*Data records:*
▬▬▬▬▬▬▬▬▬▬
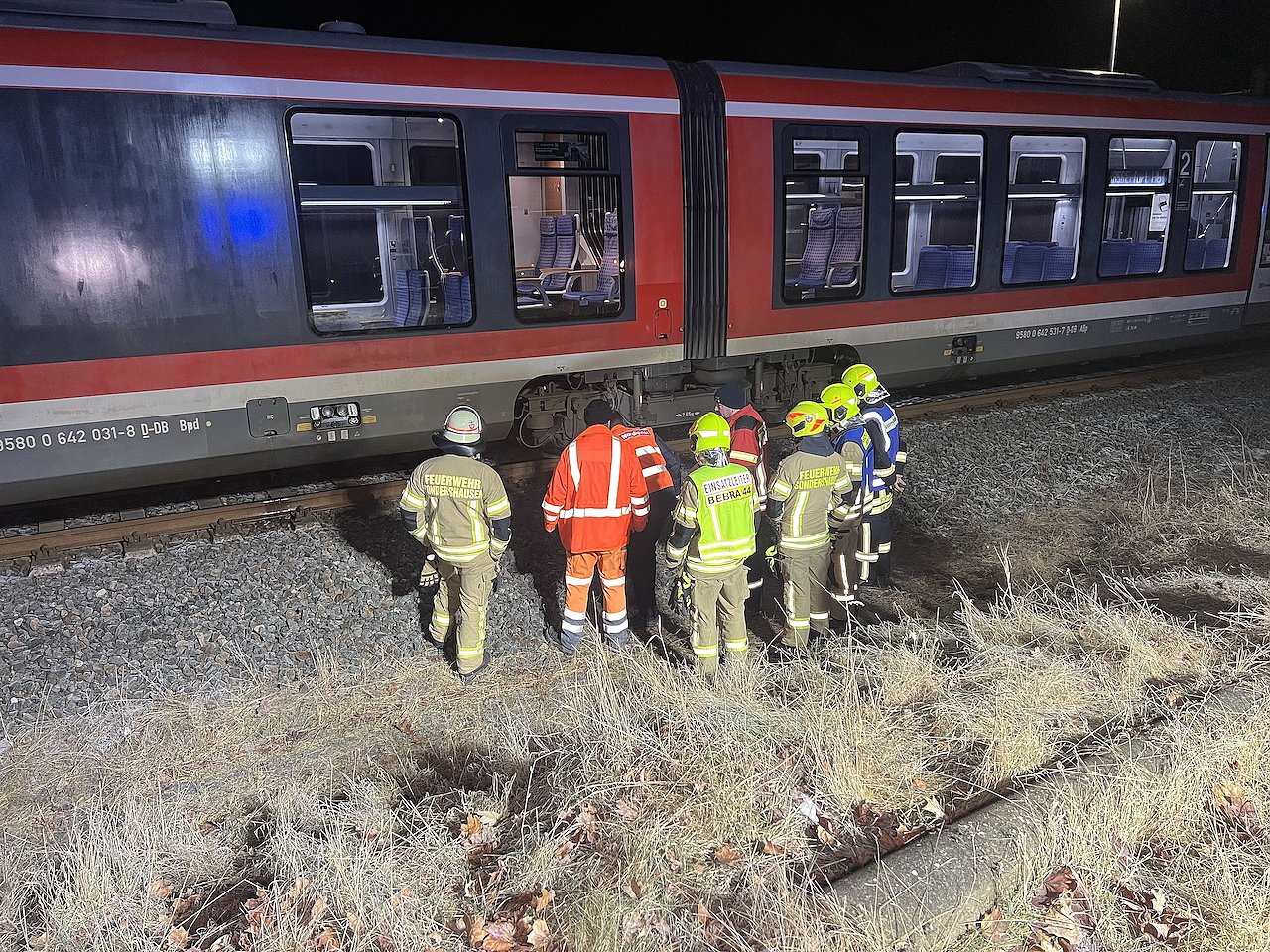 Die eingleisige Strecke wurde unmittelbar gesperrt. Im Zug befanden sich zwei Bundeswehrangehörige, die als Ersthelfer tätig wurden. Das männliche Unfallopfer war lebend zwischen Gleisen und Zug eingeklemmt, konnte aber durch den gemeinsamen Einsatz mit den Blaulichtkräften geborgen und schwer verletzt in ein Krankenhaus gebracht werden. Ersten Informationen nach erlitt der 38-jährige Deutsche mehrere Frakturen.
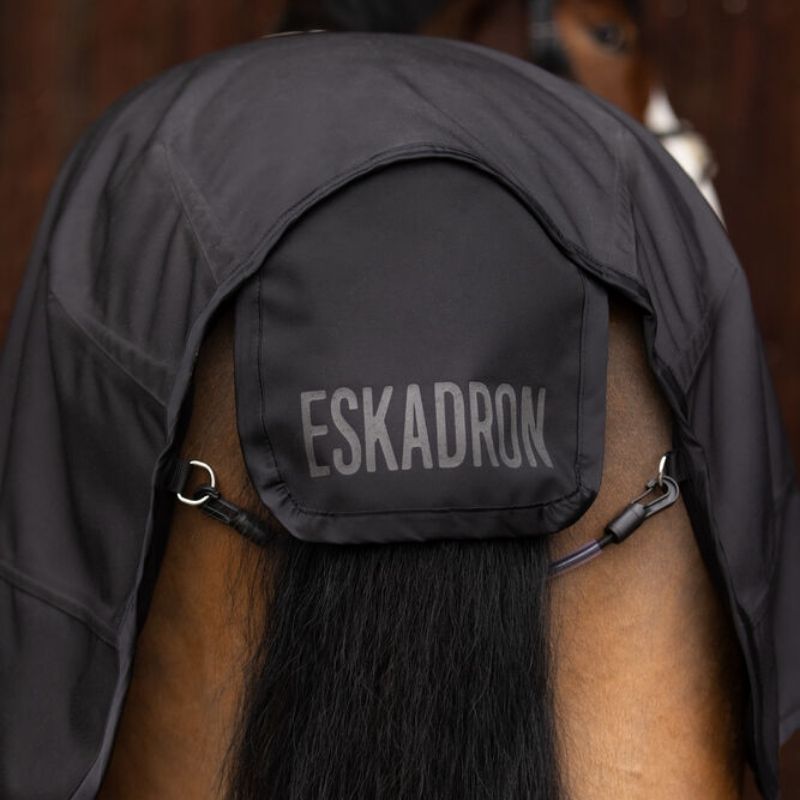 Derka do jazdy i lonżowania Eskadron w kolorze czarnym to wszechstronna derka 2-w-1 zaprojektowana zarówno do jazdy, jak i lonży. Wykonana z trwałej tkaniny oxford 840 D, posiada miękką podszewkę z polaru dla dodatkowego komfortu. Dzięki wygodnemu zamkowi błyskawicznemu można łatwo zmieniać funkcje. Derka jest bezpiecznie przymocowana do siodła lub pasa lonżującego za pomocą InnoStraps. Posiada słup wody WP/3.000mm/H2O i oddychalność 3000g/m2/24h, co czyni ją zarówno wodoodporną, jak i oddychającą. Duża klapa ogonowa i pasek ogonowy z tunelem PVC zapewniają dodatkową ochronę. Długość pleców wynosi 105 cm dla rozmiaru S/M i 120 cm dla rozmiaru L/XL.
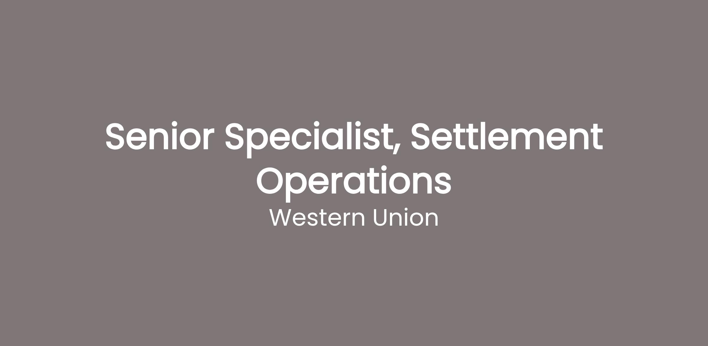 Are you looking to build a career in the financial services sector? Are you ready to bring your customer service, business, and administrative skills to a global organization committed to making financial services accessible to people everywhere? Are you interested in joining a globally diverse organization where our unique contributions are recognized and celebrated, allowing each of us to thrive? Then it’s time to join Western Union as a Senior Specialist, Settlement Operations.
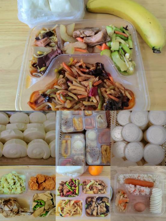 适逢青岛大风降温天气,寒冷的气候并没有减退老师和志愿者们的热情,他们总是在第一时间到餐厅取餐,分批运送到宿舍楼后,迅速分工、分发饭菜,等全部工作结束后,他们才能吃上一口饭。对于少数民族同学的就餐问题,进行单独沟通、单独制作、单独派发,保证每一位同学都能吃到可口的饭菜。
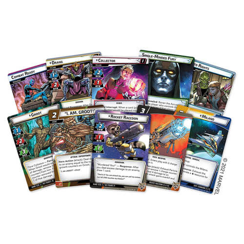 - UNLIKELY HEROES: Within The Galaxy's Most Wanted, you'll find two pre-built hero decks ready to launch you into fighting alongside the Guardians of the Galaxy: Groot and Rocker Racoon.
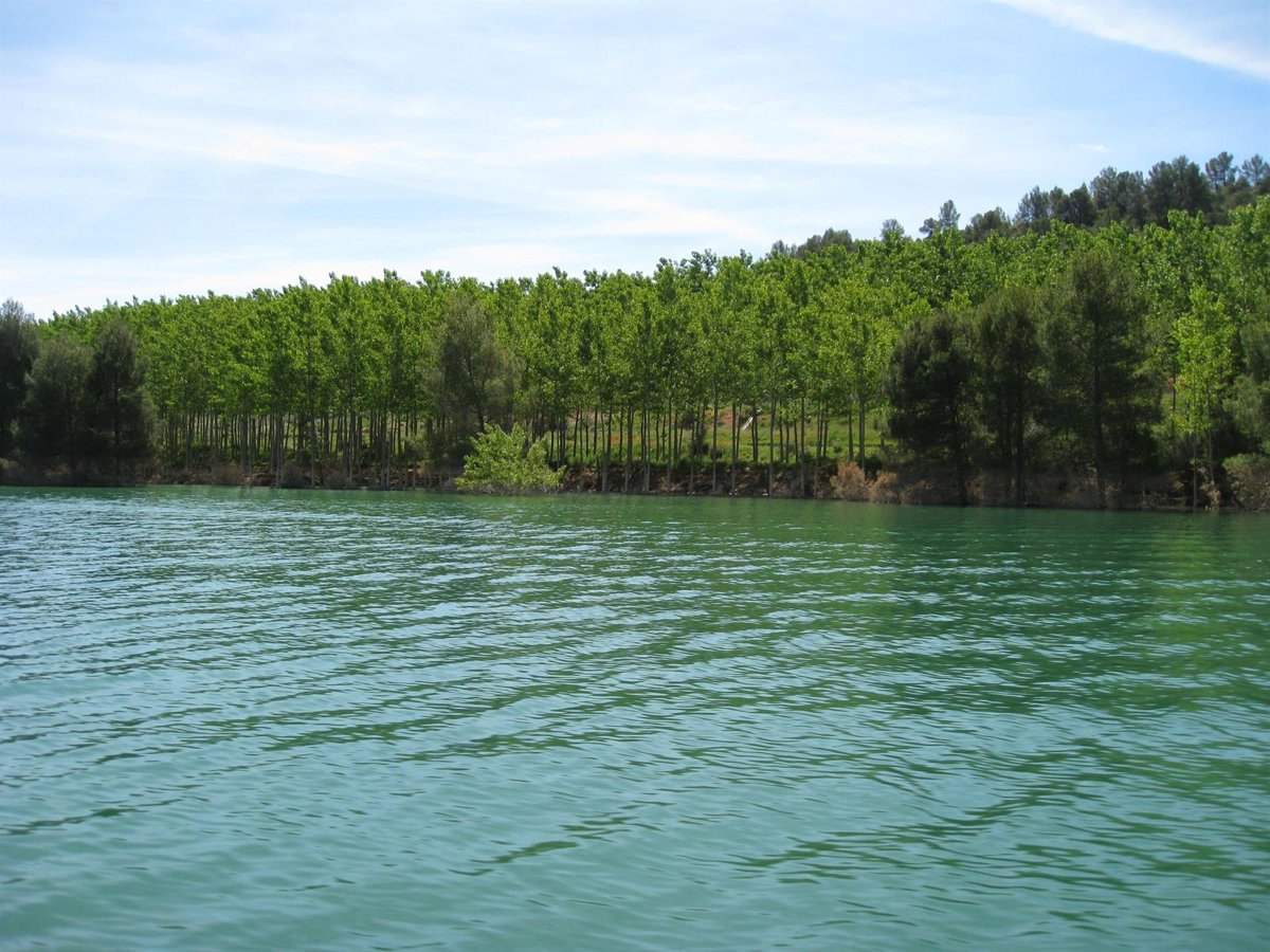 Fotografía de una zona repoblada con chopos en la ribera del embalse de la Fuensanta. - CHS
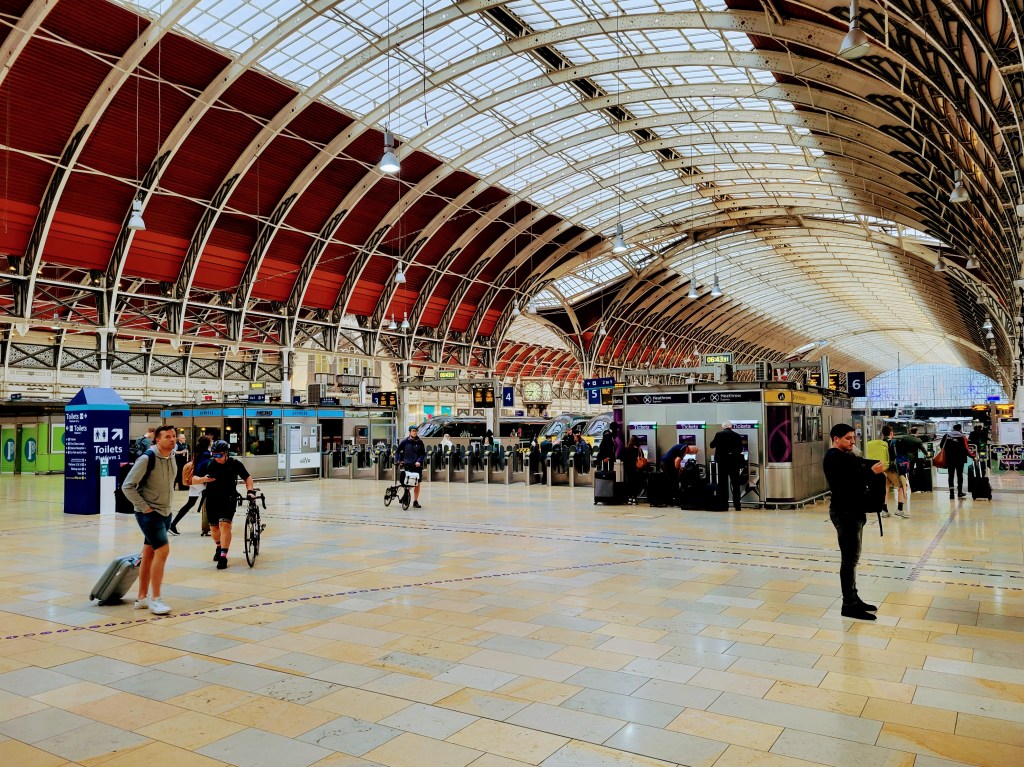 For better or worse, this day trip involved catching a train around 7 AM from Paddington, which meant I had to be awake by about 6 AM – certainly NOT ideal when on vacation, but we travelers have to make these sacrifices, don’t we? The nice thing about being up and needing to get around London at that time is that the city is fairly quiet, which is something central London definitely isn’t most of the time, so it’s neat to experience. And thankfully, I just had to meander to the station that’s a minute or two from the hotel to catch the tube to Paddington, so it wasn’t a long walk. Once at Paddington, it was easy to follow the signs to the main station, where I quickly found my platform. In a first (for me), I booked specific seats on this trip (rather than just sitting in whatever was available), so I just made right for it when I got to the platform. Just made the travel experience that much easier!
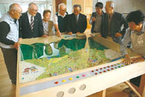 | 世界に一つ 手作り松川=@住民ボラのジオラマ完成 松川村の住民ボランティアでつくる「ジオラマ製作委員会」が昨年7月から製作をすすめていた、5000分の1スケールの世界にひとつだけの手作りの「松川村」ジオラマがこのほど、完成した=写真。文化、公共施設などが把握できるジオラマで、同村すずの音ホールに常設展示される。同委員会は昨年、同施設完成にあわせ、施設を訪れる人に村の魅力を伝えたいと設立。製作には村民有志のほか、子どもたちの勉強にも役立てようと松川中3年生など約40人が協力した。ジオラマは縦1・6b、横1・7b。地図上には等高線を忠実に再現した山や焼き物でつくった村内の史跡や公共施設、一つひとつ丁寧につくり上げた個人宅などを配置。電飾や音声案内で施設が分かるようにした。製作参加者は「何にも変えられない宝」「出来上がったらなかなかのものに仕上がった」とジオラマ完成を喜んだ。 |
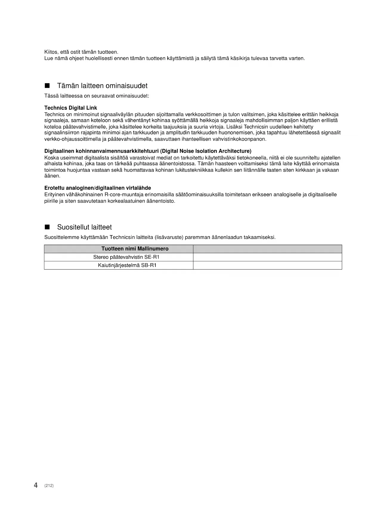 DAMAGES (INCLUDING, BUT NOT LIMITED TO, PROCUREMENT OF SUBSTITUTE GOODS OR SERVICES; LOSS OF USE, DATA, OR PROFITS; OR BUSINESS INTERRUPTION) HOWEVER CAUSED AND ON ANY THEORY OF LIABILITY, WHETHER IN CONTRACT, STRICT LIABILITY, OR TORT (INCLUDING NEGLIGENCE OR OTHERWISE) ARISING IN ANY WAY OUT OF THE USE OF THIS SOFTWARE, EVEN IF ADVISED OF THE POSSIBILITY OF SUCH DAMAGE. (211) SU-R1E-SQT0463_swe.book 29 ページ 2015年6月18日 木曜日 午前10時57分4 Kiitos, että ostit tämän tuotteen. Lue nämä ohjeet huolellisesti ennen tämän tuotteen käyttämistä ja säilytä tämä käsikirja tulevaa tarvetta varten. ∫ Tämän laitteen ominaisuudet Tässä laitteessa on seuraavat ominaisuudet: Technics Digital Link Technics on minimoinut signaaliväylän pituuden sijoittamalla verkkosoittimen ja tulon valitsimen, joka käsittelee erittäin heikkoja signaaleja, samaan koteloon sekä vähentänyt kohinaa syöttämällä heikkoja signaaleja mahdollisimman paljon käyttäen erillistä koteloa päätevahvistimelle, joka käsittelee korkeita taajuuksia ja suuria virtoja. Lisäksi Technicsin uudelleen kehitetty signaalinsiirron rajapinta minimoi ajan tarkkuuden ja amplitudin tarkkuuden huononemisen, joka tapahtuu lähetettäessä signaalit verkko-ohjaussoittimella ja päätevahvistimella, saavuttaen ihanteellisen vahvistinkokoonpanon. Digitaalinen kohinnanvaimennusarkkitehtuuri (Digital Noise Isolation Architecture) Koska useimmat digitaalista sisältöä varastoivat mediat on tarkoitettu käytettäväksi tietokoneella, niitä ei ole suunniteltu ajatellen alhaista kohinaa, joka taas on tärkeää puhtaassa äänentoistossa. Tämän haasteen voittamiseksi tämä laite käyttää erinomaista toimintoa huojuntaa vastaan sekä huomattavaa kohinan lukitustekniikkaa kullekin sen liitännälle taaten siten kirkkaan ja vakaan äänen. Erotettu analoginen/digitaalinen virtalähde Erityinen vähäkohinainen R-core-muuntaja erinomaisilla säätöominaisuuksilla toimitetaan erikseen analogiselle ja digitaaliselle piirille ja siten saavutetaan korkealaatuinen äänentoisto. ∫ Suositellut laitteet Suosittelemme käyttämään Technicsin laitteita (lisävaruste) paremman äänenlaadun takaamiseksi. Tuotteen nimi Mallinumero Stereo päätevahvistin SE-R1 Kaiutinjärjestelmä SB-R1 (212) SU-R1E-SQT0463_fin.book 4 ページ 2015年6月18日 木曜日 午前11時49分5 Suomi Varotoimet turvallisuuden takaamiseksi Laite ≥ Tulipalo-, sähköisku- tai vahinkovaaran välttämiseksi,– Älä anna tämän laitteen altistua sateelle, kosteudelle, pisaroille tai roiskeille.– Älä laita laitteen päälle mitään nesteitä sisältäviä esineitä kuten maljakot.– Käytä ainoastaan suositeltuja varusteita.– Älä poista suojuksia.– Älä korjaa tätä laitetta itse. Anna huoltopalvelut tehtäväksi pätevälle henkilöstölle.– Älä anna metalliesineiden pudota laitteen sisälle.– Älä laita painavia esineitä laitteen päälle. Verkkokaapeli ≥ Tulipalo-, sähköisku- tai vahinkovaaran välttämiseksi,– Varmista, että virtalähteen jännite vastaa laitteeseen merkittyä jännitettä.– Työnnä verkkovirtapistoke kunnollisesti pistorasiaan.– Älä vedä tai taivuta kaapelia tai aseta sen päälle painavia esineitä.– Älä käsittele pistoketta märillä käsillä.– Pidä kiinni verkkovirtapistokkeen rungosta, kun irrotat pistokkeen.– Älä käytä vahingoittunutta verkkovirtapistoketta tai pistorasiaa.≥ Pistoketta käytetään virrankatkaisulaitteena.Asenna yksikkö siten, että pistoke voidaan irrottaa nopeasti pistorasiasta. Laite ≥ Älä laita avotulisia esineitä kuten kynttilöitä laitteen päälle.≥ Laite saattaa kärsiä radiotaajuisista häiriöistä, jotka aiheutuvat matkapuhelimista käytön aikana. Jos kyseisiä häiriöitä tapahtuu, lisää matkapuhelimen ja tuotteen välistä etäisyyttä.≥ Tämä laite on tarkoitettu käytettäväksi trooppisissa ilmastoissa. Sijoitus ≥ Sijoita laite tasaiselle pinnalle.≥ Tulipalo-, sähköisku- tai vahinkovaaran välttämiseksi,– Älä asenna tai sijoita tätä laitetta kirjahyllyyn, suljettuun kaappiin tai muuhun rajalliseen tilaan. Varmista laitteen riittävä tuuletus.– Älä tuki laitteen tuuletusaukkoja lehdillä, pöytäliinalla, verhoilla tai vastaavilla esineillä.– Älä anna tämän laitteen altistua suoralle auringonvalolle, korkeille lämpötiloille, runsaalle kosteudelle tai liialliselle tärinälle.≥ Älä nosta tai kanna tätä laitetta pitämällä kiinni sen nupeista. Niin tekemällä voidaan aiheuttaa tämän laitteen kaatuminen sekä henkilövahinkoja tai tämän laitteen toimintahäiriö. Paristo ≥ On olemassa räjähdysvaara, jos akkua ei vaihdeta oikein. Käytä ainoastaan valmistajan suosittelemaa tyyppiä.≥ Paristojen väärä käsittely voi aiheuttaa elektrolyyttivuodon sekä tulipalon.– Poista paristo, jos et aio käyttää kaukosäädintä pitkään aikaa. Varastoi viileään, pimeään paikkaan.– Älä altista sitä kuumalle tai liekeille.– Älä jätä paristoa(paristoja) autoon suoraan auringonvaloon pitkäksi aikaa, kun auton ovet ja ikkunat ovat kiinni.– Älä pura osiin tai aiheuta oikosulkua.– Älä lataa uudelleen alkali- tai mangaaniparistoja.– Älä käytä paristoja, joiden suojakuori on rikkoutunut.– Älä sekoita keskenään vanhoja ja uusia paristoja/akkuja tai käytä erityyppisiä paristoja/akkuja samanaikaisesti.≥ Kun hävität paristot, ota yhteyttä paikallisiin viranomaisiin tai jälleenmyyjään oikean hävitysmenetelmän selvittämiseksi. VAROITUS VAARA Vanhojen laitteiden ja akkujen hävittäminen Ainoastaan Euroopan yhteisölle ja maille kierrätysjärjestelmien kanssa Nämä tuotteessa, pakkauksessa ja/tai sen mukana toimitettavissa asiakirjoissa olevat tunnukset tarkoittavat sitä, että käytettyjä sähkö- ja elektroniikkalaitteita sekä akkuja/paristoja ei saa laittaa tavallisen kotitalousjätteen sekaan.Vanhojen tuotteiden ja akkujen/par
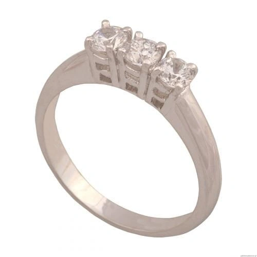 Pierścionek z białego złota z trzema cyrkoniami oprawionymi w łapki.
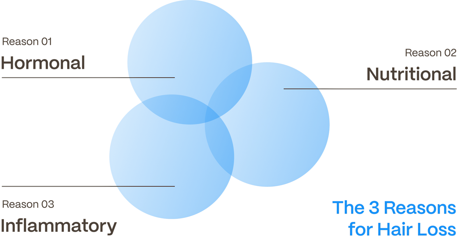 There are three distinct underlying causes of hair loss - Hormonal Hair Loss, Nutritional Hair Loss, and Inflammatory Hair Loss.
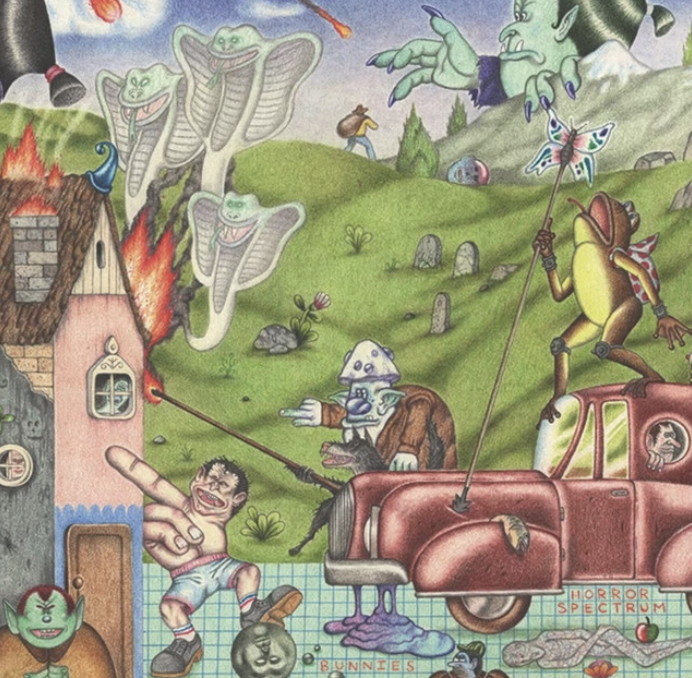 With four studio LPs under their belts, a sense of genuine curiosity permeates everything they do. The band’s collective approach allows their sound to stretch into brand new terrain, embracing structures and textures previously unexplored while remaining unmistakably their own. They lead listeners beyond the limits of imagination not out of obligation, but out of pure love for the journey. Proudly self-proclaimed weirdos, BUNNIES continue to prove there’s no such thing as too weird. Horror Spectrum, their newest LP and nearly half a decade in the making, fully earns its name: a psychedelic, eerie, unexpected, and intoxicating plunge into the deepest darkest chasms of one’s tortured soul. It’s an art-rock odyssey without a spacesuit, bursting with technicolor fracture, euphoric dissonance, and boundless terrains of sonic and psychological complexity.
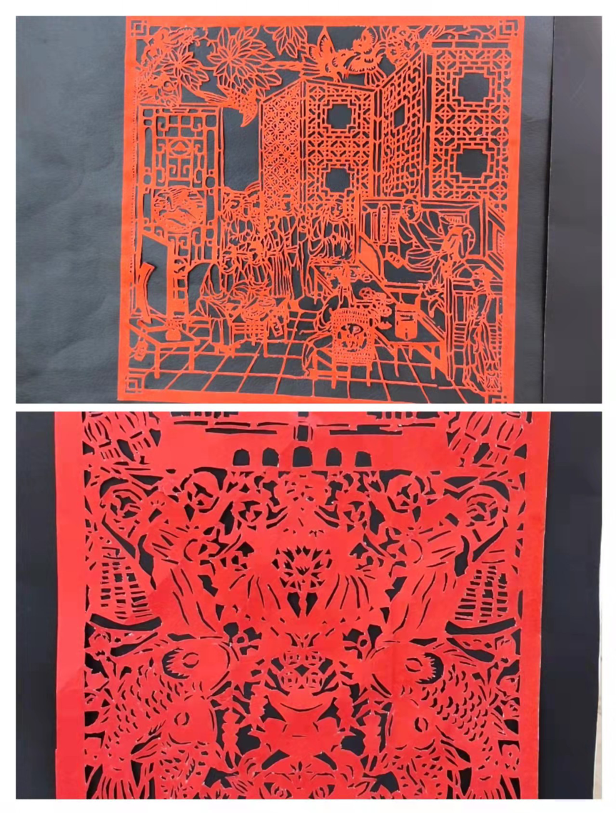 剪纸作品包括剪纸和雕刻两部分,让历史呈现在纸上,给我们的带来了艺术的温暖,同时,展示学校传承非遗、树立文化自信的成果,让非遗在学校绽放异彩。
▬▬▬▬▬▬▬▬▬▬
*Problem details:* From the first line through the line with "Are you looking", output those lines of the entries above exactly, and nothing else, with the pictures left out.

*Response:*
 Die eingleisige Strecke wurde unmittelbar gesperrt. Im Zug befanden sich zwei Bundeswehrangehörige, die als Ersthelfer tätig wurden. Das männliche Unfallopfer war lebend zwischen Gleisen und Zug eingeklemmt, konnte aber durch den gemeinsamen Einsatz mit den Blaulichtkräften geborgen und schwer verletzt in ein Krankenhaus gebracht werden. Ersten Informationen nach erlitt der 38-jährige Deutsche mehrere Frakturen.
 Derka do jazdy i lonżowania Eskadron w kolorze czarnym to wszechstronna derka 2-w-1 zaprojektowana zarówno do jazdy, jak i lonży. Wykonana z trwałej tkaniny oxford 840 D, posiada miękką podszewkę z polaru dla dodatkowego komfortu. Dzięki wygodnemu zamkowi błyskawicznemu można łatwo zmieniać funkcje. Derka jest bezpiecznie przymocowana do siodła lub pasa lonżującego za pomocą InnoStraps. Posiada słup wody WP/3.000mm/H2O i oddychalność 3000g/m2/24h, co czyni ją zarówno wodoodporną, jak i oddychającą. Duża klapa ogonowa i pasek ogonowy z tunelem PVC zapewniają dodatkową ochronę. Długość pleców wynosi 105 cm dla rozmiaru S/M i 120 cm dla rozmiaru L/XL.
 Are you looking to build a career in the financial services sector? Are you ready to bring your customer service, business, and administrative skills to a global organization committed to making financial services accessible to people everywhere? Are you interested in joining a globally diverse organization where our unique contributions are recognized and celebrated, allowing each of us to thrive? Then it’s time to join Western Union as a Senior Specialist, Settlement Operations.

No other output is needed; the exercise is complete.